Best and most performant way to handle non-reactive collections

mastrolindo · October 4, 2018, 10:29am

Hi,

Disclaimer: my app works correctly right now, this is a post purely about increase performance and maintan code best practices.

I have a few collections in my app. A couple of them I need to be true reactive, but many others follow this pattern:
1)Collection can be updated by a very small set of users in a specific admin area of my app
2)Collection needs to be fetched as read-only, immutable data for the majority of users in the main app

So far, to facilitate the updates in point 1, I treated all collections as pub/sub.
However as I read around pub/sub are also one of the source of performance issues in Meteor apps and because I don’t really need reactivity for the majority of users, I would hope to be able to do something else.

I understand that I could expose the same data that is in the publications in some methods, and make users of point 2) use the methods instead.
But if I go this way, I’ll need to share permission checks, and fetching logic both in the publications (for users 1) and methods (for users 2). Moreover I’ll need to make sure I don’t call the methods on reloads but always check myself if the client already has the data.

Is there any more elegant way to handle this?
Ideal I would love to be able to pass some option to subscribe to notify the server to just send the data, without creating a real subscription, so I could also reuse the caching logic that subscription have.

cloudspider · October 4, 2018, 1:32pm

There’s a few things you might want to do. First ask yourself the following question. Is your data re-used in different components and on different screens?

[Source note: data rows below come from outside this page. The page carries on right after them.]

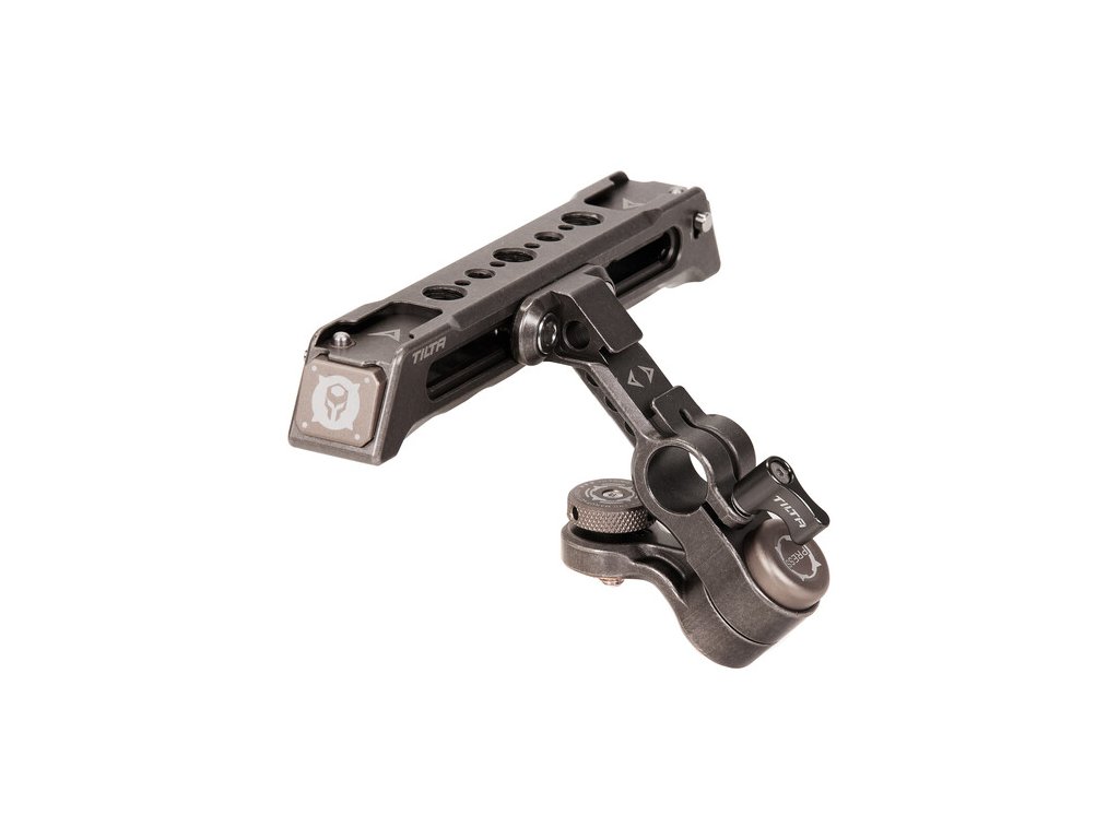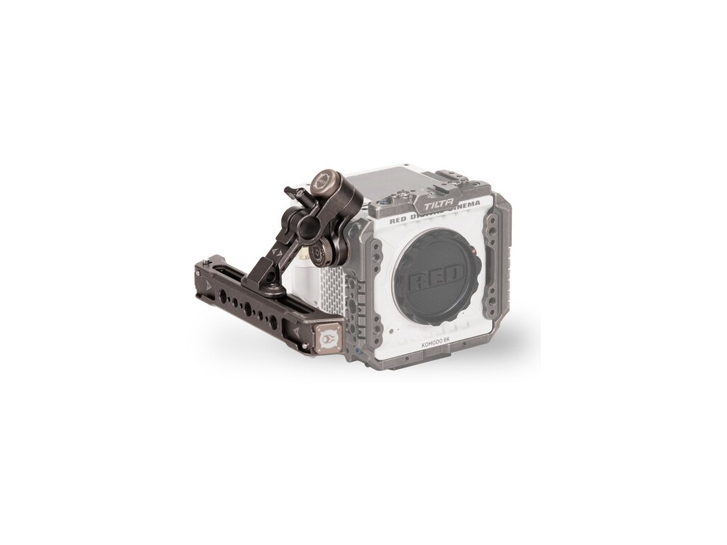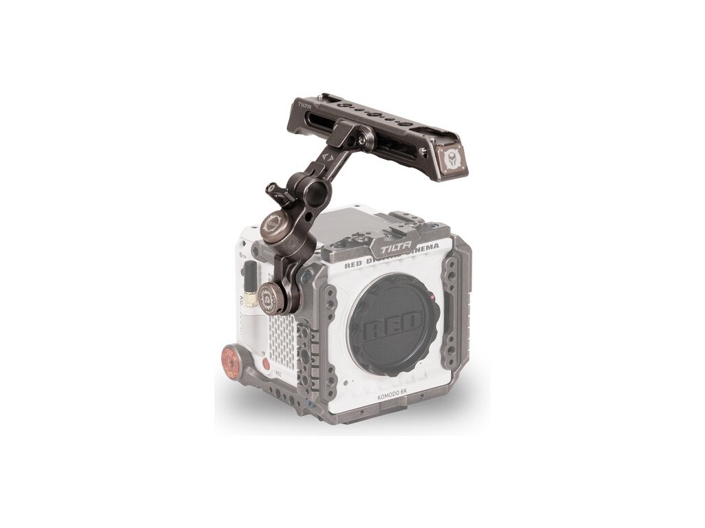 Mânerul superior reglabil, realizat într-o nuanță de gri tactic, este special conceput pentru a se atașa de rozeta situată în partea de sus a cuștii camerei Tilta concepută pentru RED KOMODO. Oferă flexibilitate, permițând utilizatorilor să-și seteze unghiul de înclinare preferat folosind rozeta, oferind în același timp o funcție de rotire la 360° facilitată de un punct de pivotare dedicat. Acest mâner este versatil și permite ajustarea în lateral sau chiar în partea inferioară a cuștii atunci când nu este necesar în partea de sus. În plus, include un suport de pantof cu știft de blocare și un port separat pentru tijă de 15 mm pentru conectarea accesoriilor suplimentare folosind o tijă opțională.
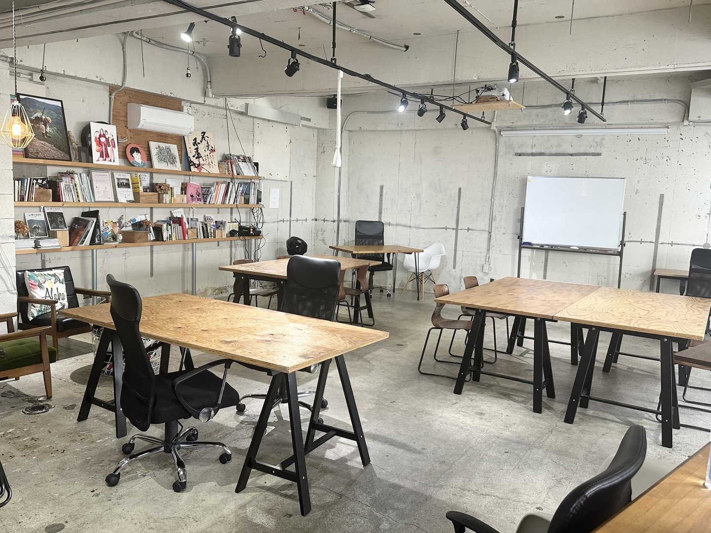 ※席は約20席ほど。ホワイトボードや会議できるような大机もあります
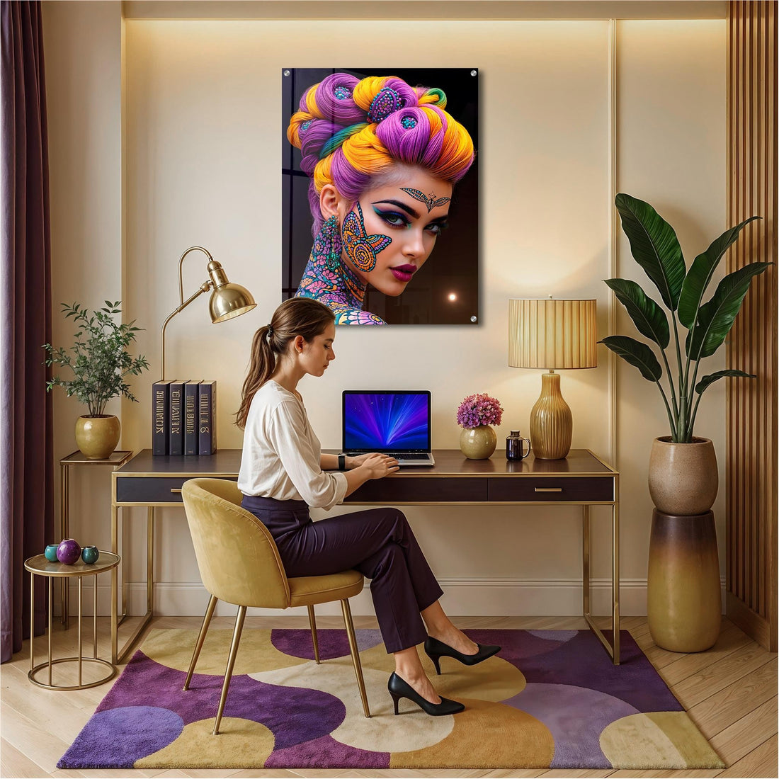 ¿Existe un “lugar correcto” para una pieza tan expresiva? Los interioristas parecen divididos. Algunos aseguran que los recibidores están hechos para el arte protagonista—al fin y al cabo, ¿qué mejor lugar para marcar el tono de todo el hogar? Otros creen que los salones, tocadores o estudios creativos pueden ser escenarios más apropiados, donde el arte pueda interactuar con paletas de maquillaje llenas de color, espejos dorados y un poco de drama.
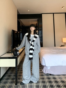 灰色卫衣套装慵懒风条纹披肩女秋季休闲裤阔腿裤慵懒松驰感三件套
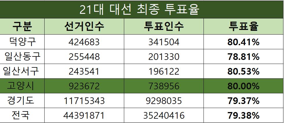 [고양신문] 제21대 대통령선거에서 고양시 최종 투표율은 80.0%로 집계됐다. 고양시 투표율은 경기도평균 투표율(79.37%), 전국평균 투표율(79.38%)에 비해 모두 높았다.
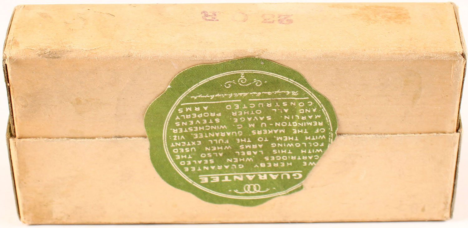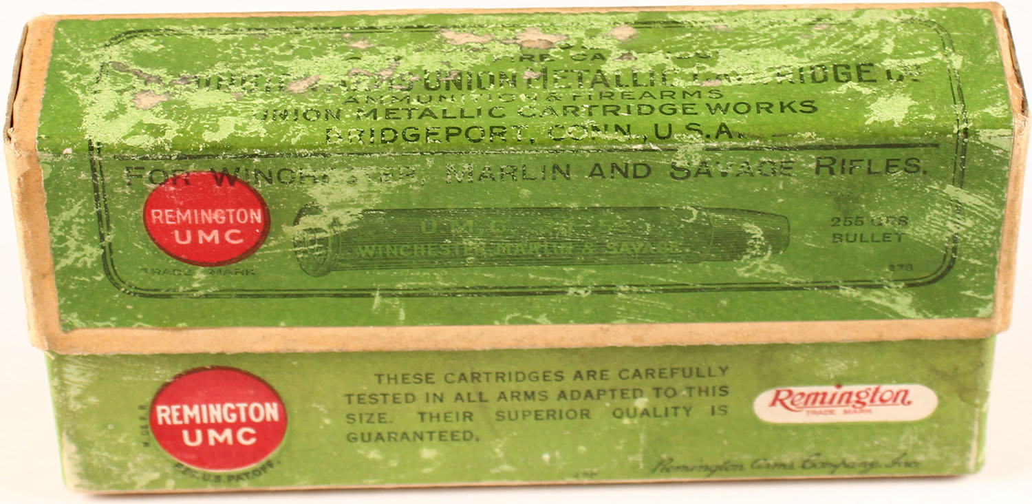 REM-UMC, 38-55 Winchester, Black Powder, 255 Grs. Bullet, FULL & SEALED, 2pc. Buff box with green labels, box is solid with very good to excellent color, shelf wear, very minor corner wear, edges are mostly crisp, labels are intact. Grade: Excellent - Value: 20 to 150
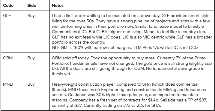 Materials were the worst performing sector, then IT and HC. Companies with a direct exposure to the oil price, like WDS, were up. Defensive names like WOW and COL were also up. The portfolio is still ~60% cash so there is plenty of dry powder to deploy. Until there is clarity on the Strait, it is expected the market will continue to fall.
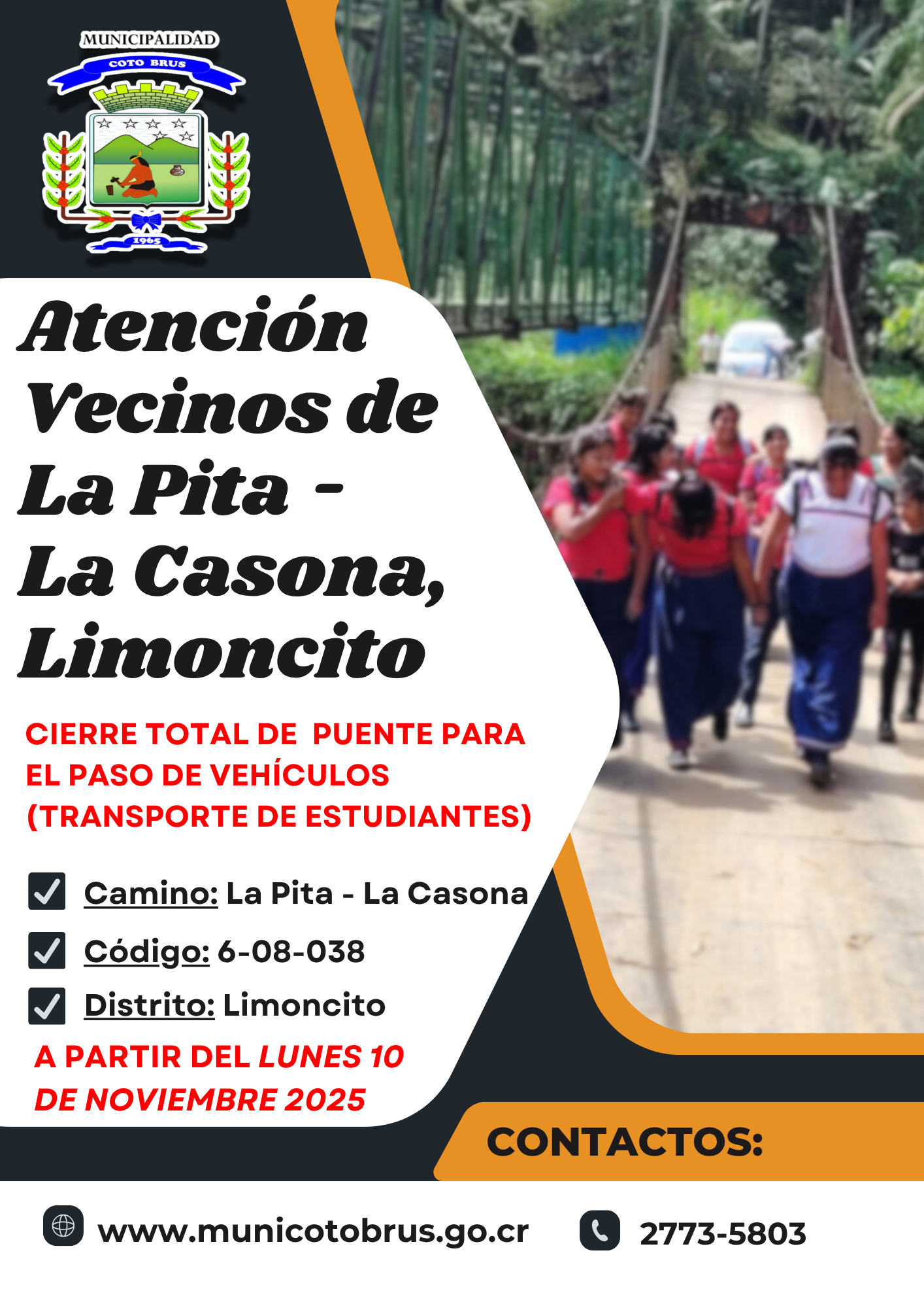 La Municipalidad de Coto Brus informa que el puente La Pita - La Casona, en el distrito de Limoncito, permanecerá cerrado al paso vehicular.
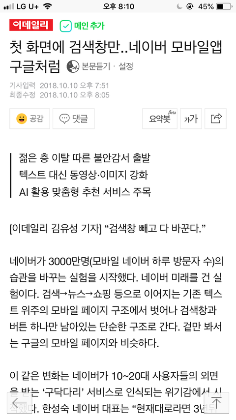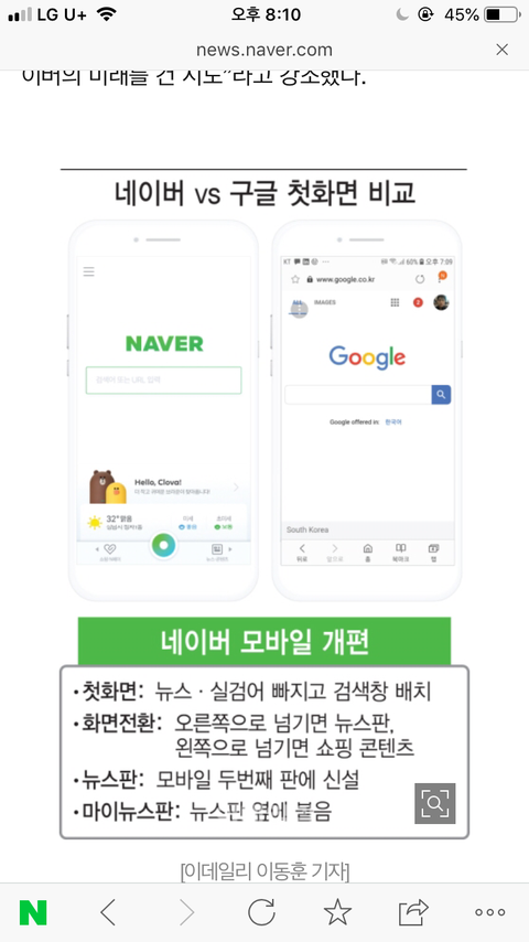 네이버 첫화면이 구글 검색창 화면처럼 바뀐데
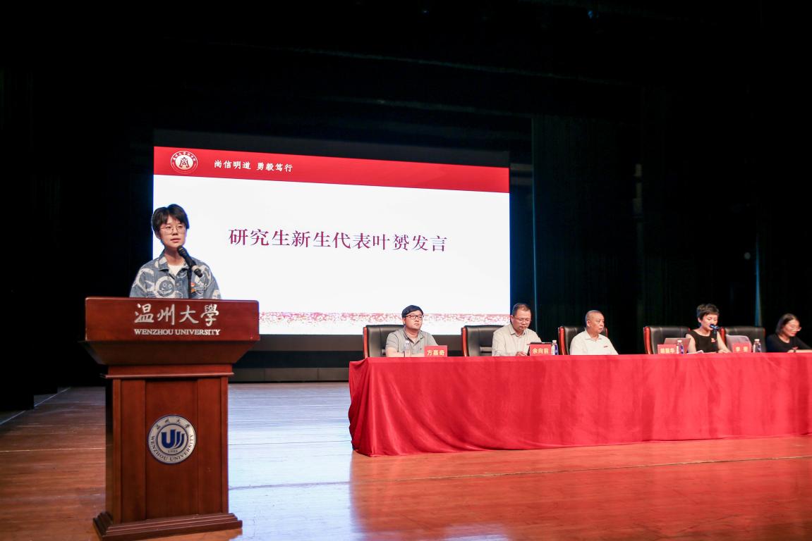 22金融专硕研究生叶赟作为研究生新生代表发言。举目而望,回眸历历,她回望过去的大学四年,挥洒过无尽汗水和青春,此刻和在座的各位新同学缘聚温大。新起点新征程,她将继续上下求索,书写崭新篇章。踔厉奋发,未来长鸣。她提到,作为00后的我们成长于一个最好的时代,作为一名新时代研究生新生,理应坚定四个自信、做到两个维护,保持一往无前的奋斗姿态和风雨无阻的精神状态,续写新的辉煌。
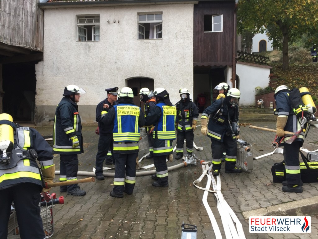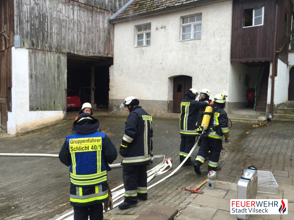 Umgehend wurde durch die Kräfte der Feuerwehr Schönlind ein Löschangriff von außen vorbereitet und durchgeführt. Durch die nachrückenden Kräfte der Feuerwehr Vilseck und Schlicht konnten prompt Atemschutzgeräteträger in das Brandobjekt gesendet werden.
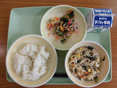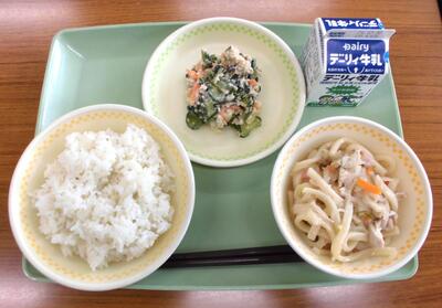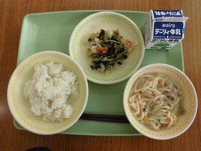 減量麦ごはん、牛乳、千切大根のうどん、洋風白和え

If your answer is yes, then it might not be a good idea to switch to methods and here’s why. Meteor’s DDP system in combination with Minimongo is actively diffing the changes on the server with the clientside state of your database. That diffing process is quite efficient already. There’s more reasons, but doing this yourself requires a lot of work. (This is one of the reasons I love Meteor and Minimongo).

You are basically presenting 2 use-cases. One is the dynamic / interactive use-case where an admin needs to change the data. Pub/sub is ideal for that since changes are being diffed and your client minimongo is kept in sync with that on the server.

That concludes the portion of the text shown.